*TASK DIRECTIONS*: Repeat the listing below exactly from the line with "Nous l’écrivons à" through its last line. Skip every picture.

*DATA SHOWN*:
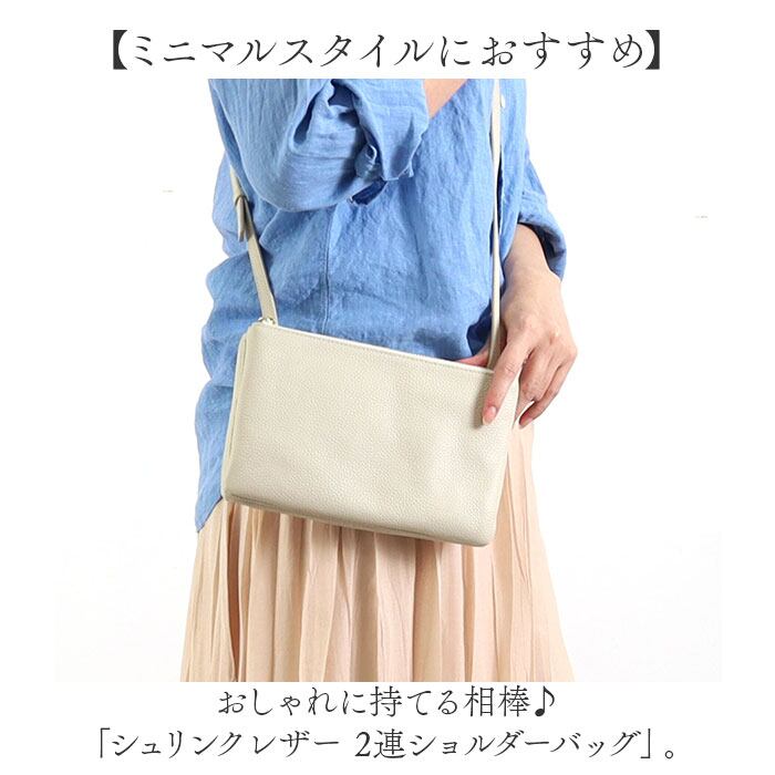 ・おしゃれに持てる相棒♪「シュリンクレザー 2連ショルダーバッグ」。
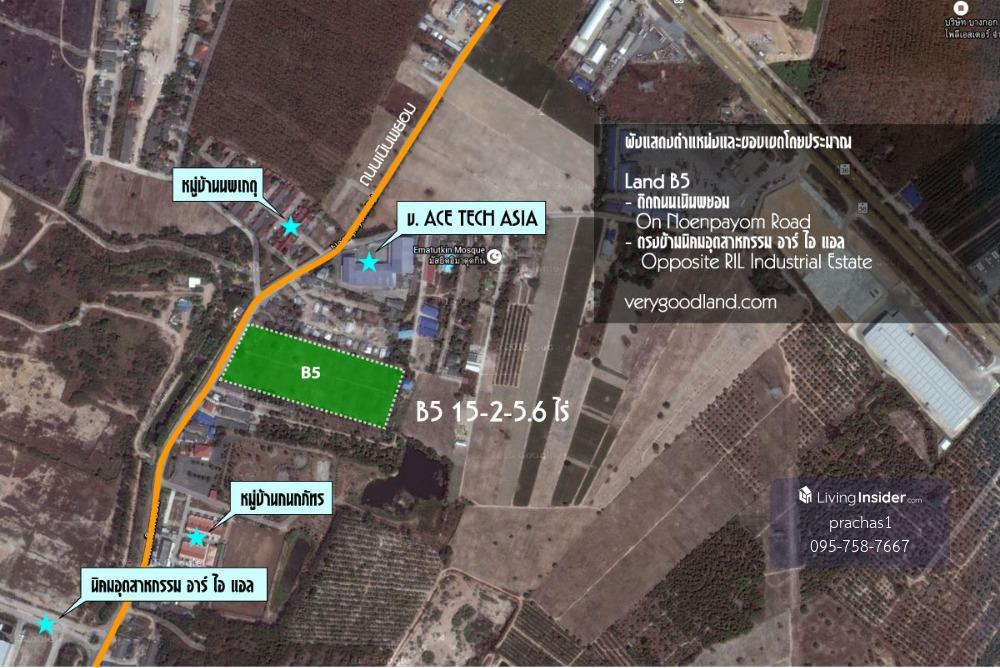 For sale: Rayong land. Beautiful plot, good location, on Noen Phayom Road, near RIL Industrial Estate. Land plot B5, title deed 15-2-5.6 rai, beautiful land plot on Noen Phayom Road, near RIL Industri
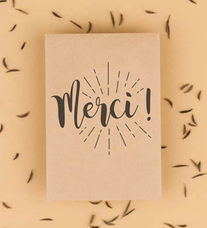 Nous l’écrivons à la main, avant de le glisser dans ta box cadeau, comme si c’est toi qui l’avais écrit.
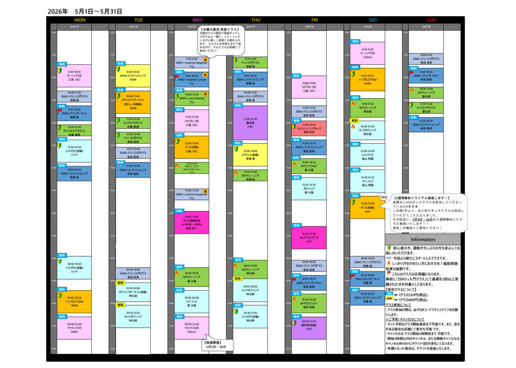 2026.5月1日~5月31日までのクラススケジュールをご案内いたします。

*TASK RESULT*:
 Nous l’écrivons à la main, avant de le glisser dans ta box cadeau, comme si c’est toi qui l’avais écrit.
 2026.5月1日~5月31日までのクラススケジュールをご案内いたします。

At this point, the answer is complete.